For code generation agents, the key metrics are accuracy of generated code, BLEU score or similar text similarity metrics, and functional correctness. Accuracy here means how often the generated code matches the expected solution or passes tests. BLEU score measures how close the generated code is to reference code in wording and structure. Functional correctness is the most important because code must run correctly, not just look similar.
Code generation agent design in Agentic Ai - Model Metrics & Evaluation
Unlike classification, code generation does not use a confusion matrix. Instead, we can think in terms of pass/fail on test cases:
Test Cases: 100
Passed: 85
Failed: 15
Pass Rate = 85/100 = 85%
Fail Rate = 15/100 = 15%
This pass/fail count acts like a simple confusion matrix for code correctness.
In code generation, the tradeoff is between generating code that compiles and runs (precision) and covering all requested features or requirements (recall).
If the agent generates very safe but minimal code, it has high precision (few errors) but low recall (misses features). If it tries to generate complex code covering all features, it may have higher recall but lower precision due to bugs.
Example: A code agent that always generates a simple "Hello World" program has perfect precision but poor recall for complex tasks. One that tries to generate full apps may fail often, lowering precision.
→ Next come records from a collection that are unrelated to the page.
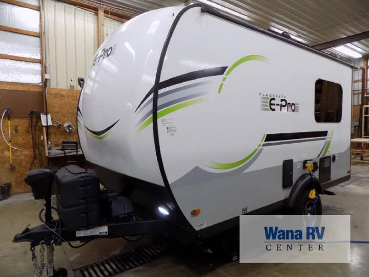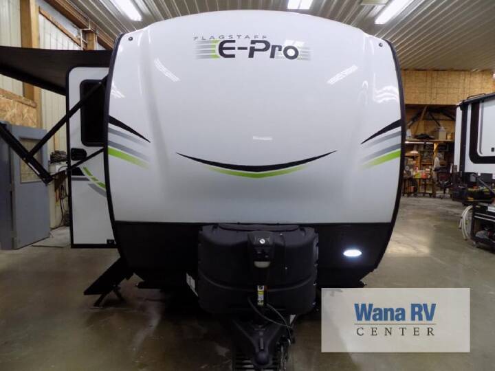 It's time to hit the road in this small, yet walkable travel trailer that is versatile to your needs and offers everything you will want to stay comfortable at a campground or off-grid. You can make meals using the cooktop and microwave up front and store your cold items in the 12V refrigerator. Take turns getting cleaned up in the wet bath so you can skip the public facilities, and store your clothing in the overhead cabinets. You can watch the 32"TV while dining or sleeping on the twin beds that offer a table top to help you convert this area into a king bed. And the 10' power awning will give you a place to hang out while you use the outdoor griddle. With any Flagstaff E-Pro travel trailer or toy hauler by Forest River, you will experience lightweight towing, style and features that will meet your needs, plus amenities that give you more than you expected! Built with interior and exterior Azdel construction, tongue and grove plywood flooring, and a vacuum laminated roof and walls, plus torsion axle, Rubber-Ryde suspension, and a tire pressure monitoring system for safety while traveling. And the 190-watt roof mount solar panel with 1,000-watt inverter will allow you to stay off-grid if you like. The interior offers a comfortable environment with the choice to use the air conditioner or furnace, and an AM/FM stereo with Bluetooth and USB will allow you to listen to your favorite tunes and keep your cell phone charged. Make your selection today!
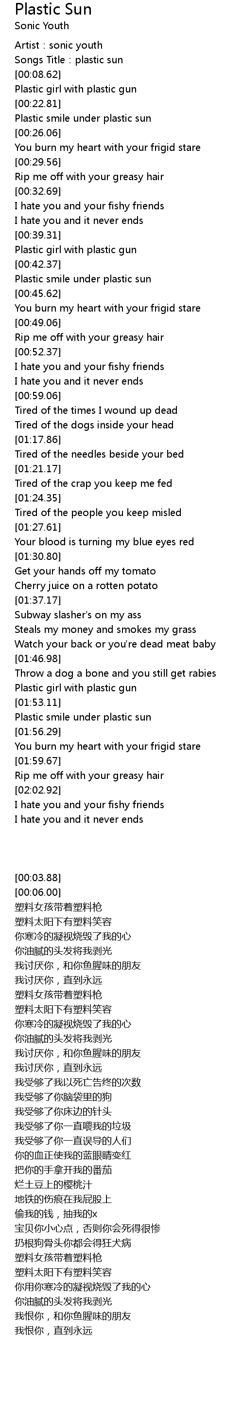 | [00:06.00] | Songs Title:plastic sun |
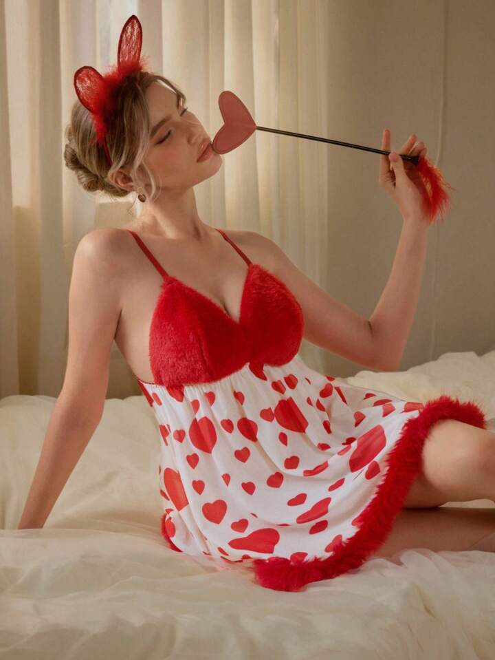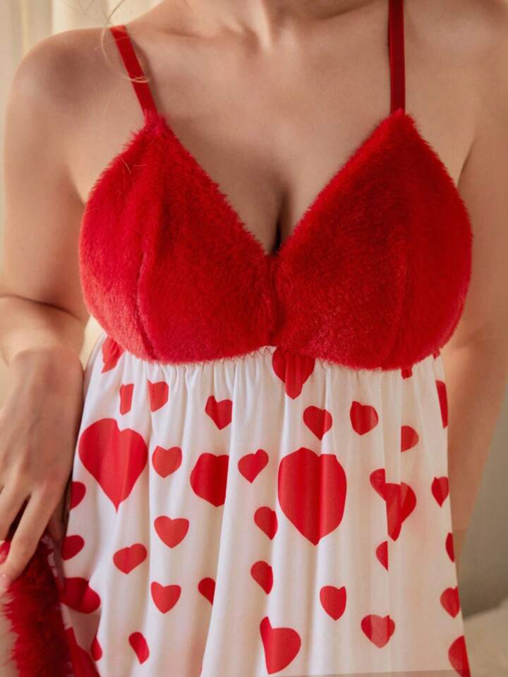 Kawaii Cute & Sexy Heart Pattern Plush Nightgown, Suitable For Valentine's Day

Good: Pass rate above 90%, BLEU score above 0.7, and generated code passes all functional tests.
Bad: Pass rate below 50%, BLEU score below 0.3, and generated code frequently fails to compile or run.
Good code generation means the agent reliably produces working code that meets requirements. Bad means frequent errors or incomplete solutions.
- Overfitting: Agent memorizes training code but fails on new tasks.
- Data Leakage: Test code appears in training data, inflating pass rates.
- Accuracy Paradox: High BLEU score but generated code does not run correctly.
- Ignoring Functional Tests: Relying only on text similarity without running code.
Your code generation agent has 98% accuracy on training data but only 12% pass rate on new test cases. Is it good for production? Why or why not?
Answer: No, it is not good. The high training accuracy suggests overfitting, meaning the agent memorized training code but cannot generate correct new code. The low pass rate on test cases shows poor generalization, which is critical for production use.